Quantifying the spread of P. falciparum malaria

Understanding who sustains pathogen transmission is important for all infectious diseases. For COVID-19, information on the importance of non-symptomatic individuals in spreading the virus is important for public health measures. This is the same for the malaria parasite. The QUANTUM project will quantify who is responsible for malaria transmission (for giving rise to secondary infections. In the laboratories in Burkina Faso and Uganda, we will examine what makes an infectious mosquito by examining how many malaria parasites are injected by malaria-infected mosquitoes. This will be related to characteristics of the human donor who infected the mosquito (e.g. was this a clinical case or an asymptomatic malaria-infected individual). In The Gambia, we will examine transmission networks in villages where malaria is endemic. We will aim to quantify the number of secondary infections arising from different human populations. Lastly, we will examine the impact of human anti-gametocyte immunity on malaria transmission and gametocyte production.
Together, these data will help inform malaria control programs on what populations need to be prioritized for malaria interventions for maximum impact. In addition, the project will inform on the utility and potency of natural and vaccine-induced anti-gametocyte immunity in curbing malaria transmission.

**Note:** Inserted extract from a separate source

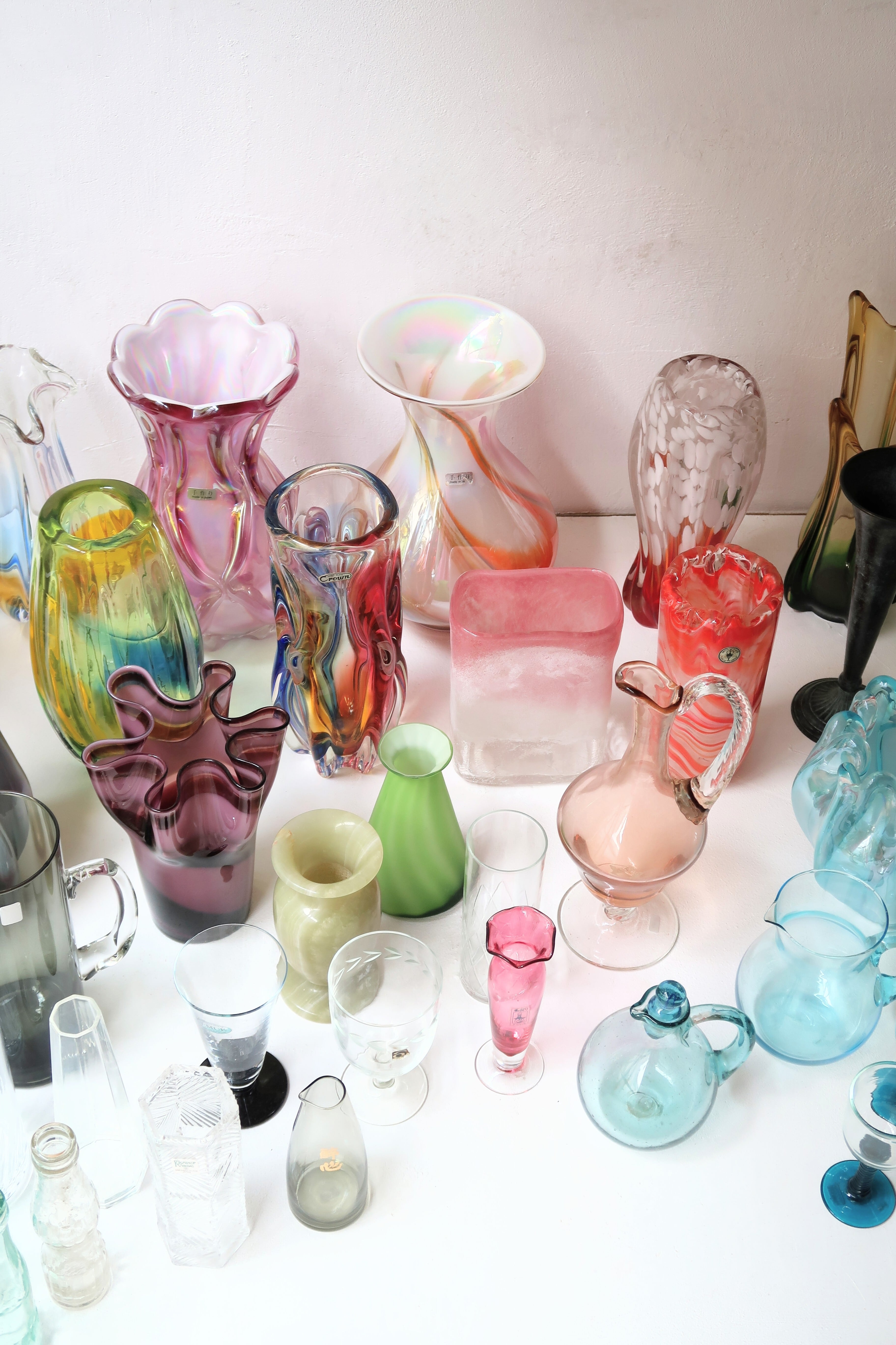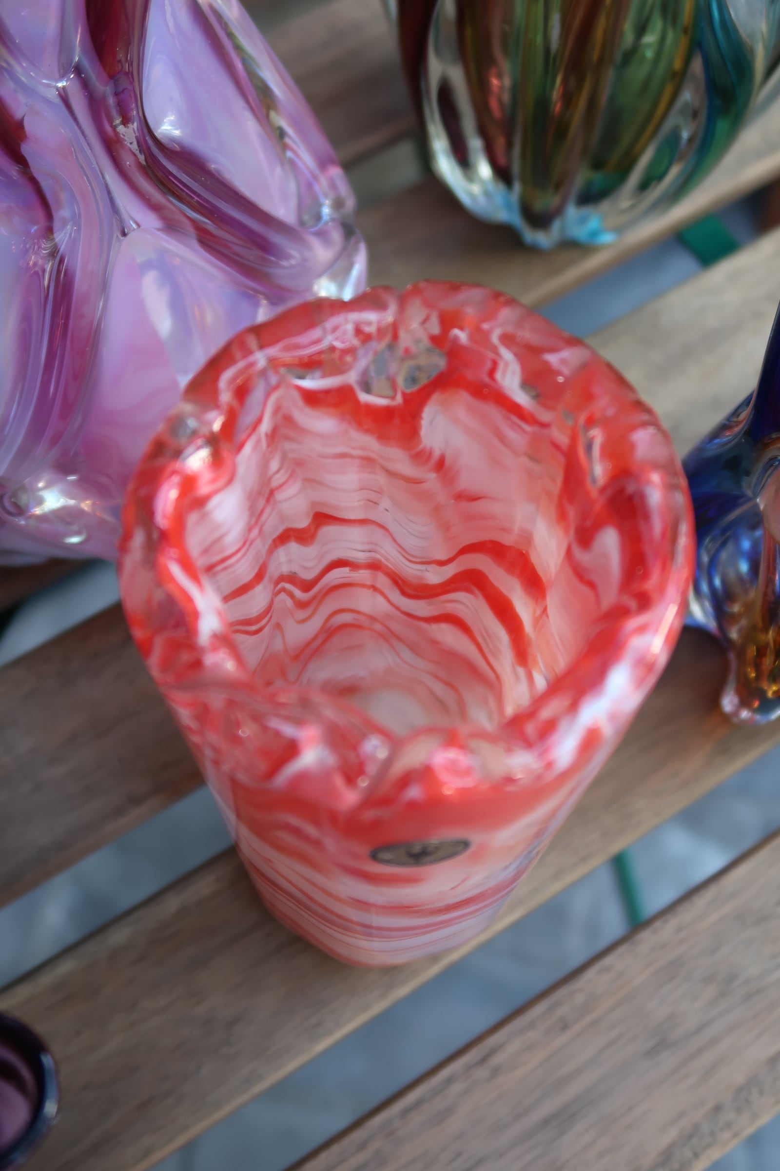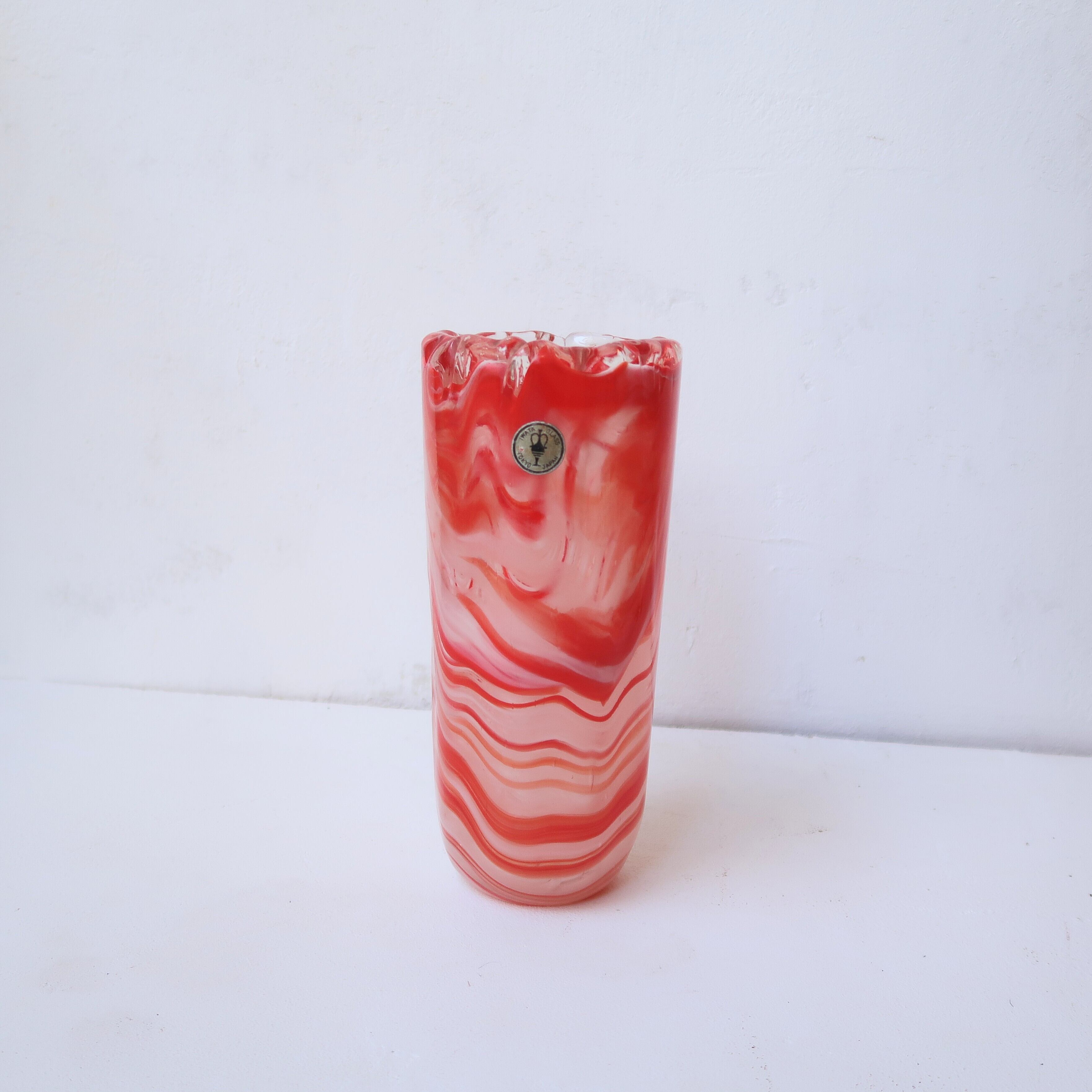 赤と白のマーブル具合がかわいいガラスの花瓶。空間がぱっと明るくなる鮮やかな色合い。比較的小ぶりで、一輪挿しとして使えます。
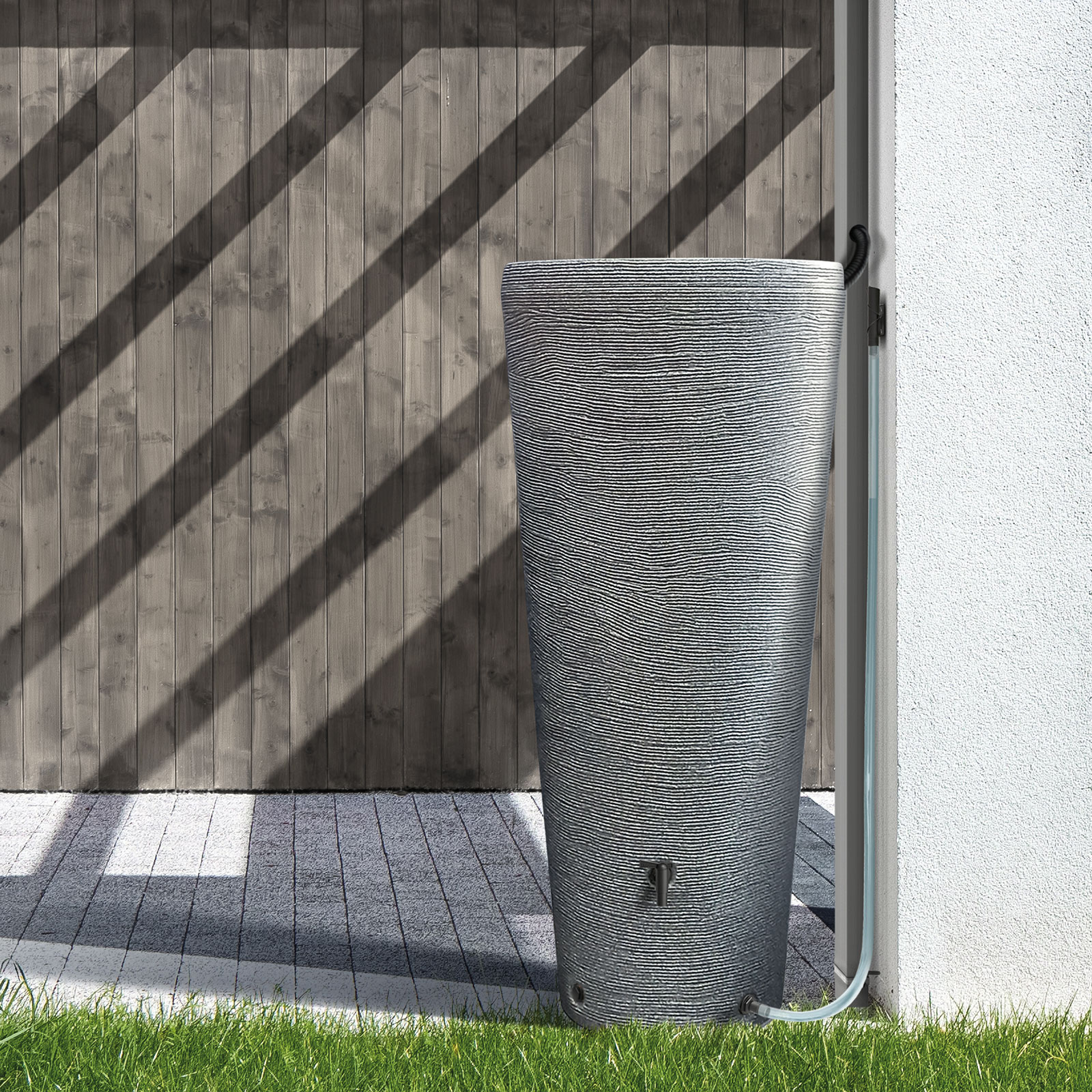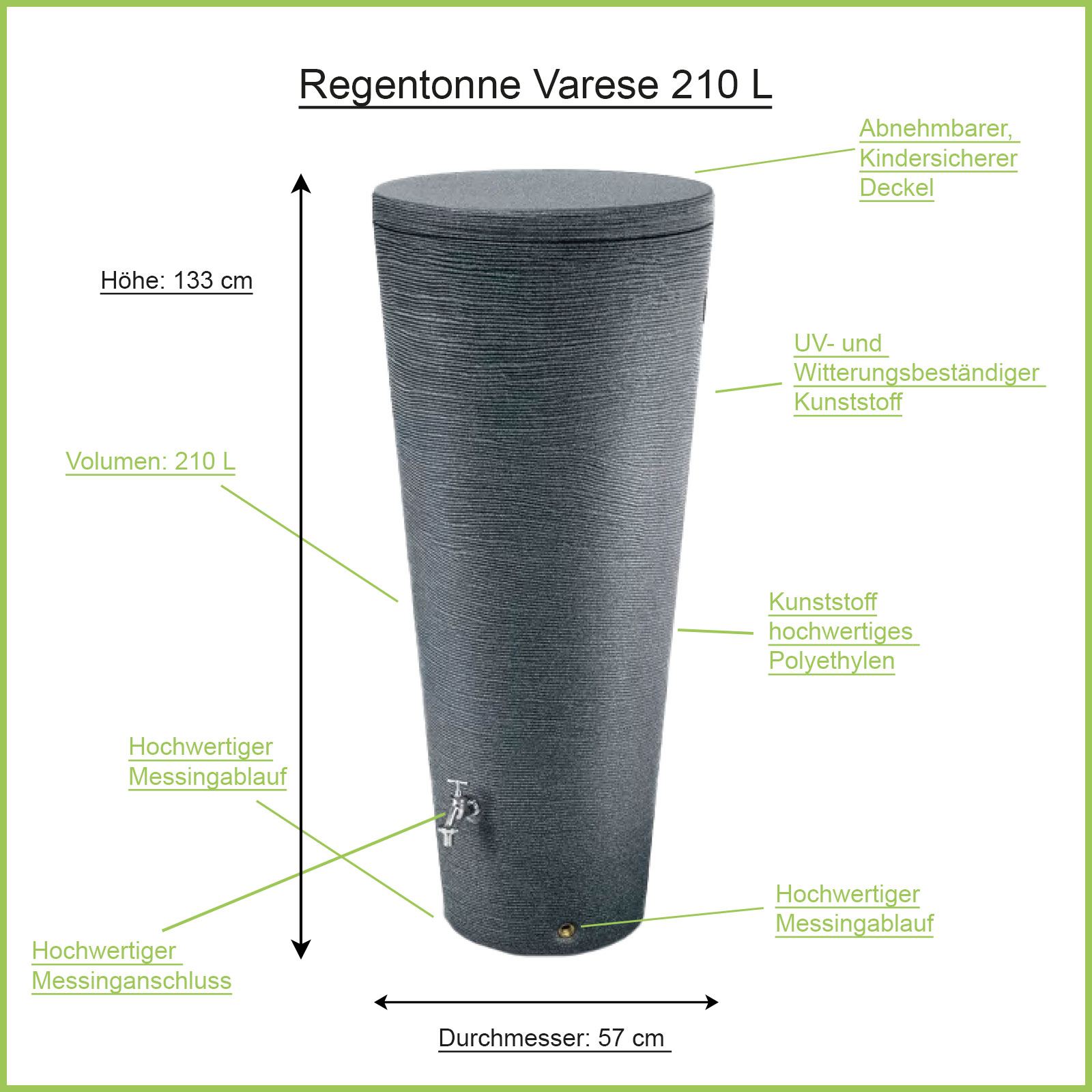 Die Regentonne Varese mit 210 L in granitgrau, ist eine hochmoderne Regenwassertonne, die strukturierte Oberfläche, passt bestens zu der heutigen modernen Architektur. Der Regenwassertank setzt den modernen Still von Ihrem Haus bzw. Garten fort. Die Varese wird Ihnen und Ihren Gästen ein Blickfang verschaffen, der beim gemütlichen Grillen im Garten zum Gesprächsthema wird.Das Reinigen der Regentonne gestaltet sich kinderleicht, dank sei dem abnehmbaren Deckel. Die bereits integrierte ¾ Zoll Messing-Gewinde ermöglichen Ihnen das anschließen von einem Wasserhahn bzw. weiteres Zubehör zum Verbinden oder auch zum kompletten Entleeren der Regenwassertonne. Der hochwertige Kunststoff ist UV bzw. witterungsbeständig und kann im leeren Zustand an Ort und Stelle überwintern. Die Regentonne eignet sich für kleine bzw. mittlere Gärten.

Experiments to help understand what makes an infectious mosquito have been performed using cultured malaria parasites and blood donated by naturally infected parasite carriers. With a newly developed pipeline, we measured malaria parasites during their development in mosquitoes, up to the point they are injected by the mosquito inartificial skin tissue. We uncovered that there is a previously unappreciated bottleneck for malaria parasites in mosquitoes and found evidence that i) a non-negligible proportion of infected mosquitoes does not inject parasites during probing; ii) mosquitoes with a high infection burden expell more parasites upon probing without the need to take a bloodmeal.

In Ethiopia, Uganda and The Gambia, we examined how malaria spreads through communities. We were able to detect transmission chains and uncovered that a novel mosquito vector plays an important role in spreading malaria in Ethiopia. This work has helped define a regional containment strategy for this invasive mosquito. In Uganda, we demonstrated in several cohorts that school age children are an important source of onward transmission of malaria parasites to mosquitoes. This work has supported a policy guideline to extend malaria interventions, including chemoprevention strategies, to this age group. This is expected to reduce the clinical burden in this age group and also have a beneficial community effect by reducing community-wide transmission.

In settings across Africa, we examined naturally acquired immunity to the transmission stages of malaria parasites. We uncovered that strong functional immunity that can prevent transmission to mosquitoes can be naturally acquired, is associated to recent exposure to malaria parasites and can be long-lived in a minority of individuals. This work identified a number of potent monoclonal antibodies that may be used as intervention or help improve vaccination strategies.

The work in this project has challenged the dogma that all infected mosquitoes are equally infectious and quantified developmental bottlenecks of malaria parasites in mosquitoes.
In addition, the work has described for the first time the natural acquisition and loss of (functional) immune responses to the transmission stages of malaria parasites. This helps better understand the infectious reservoir for malaria and forms a starting point to use these insights to improve malaria and develop novel immunologicals.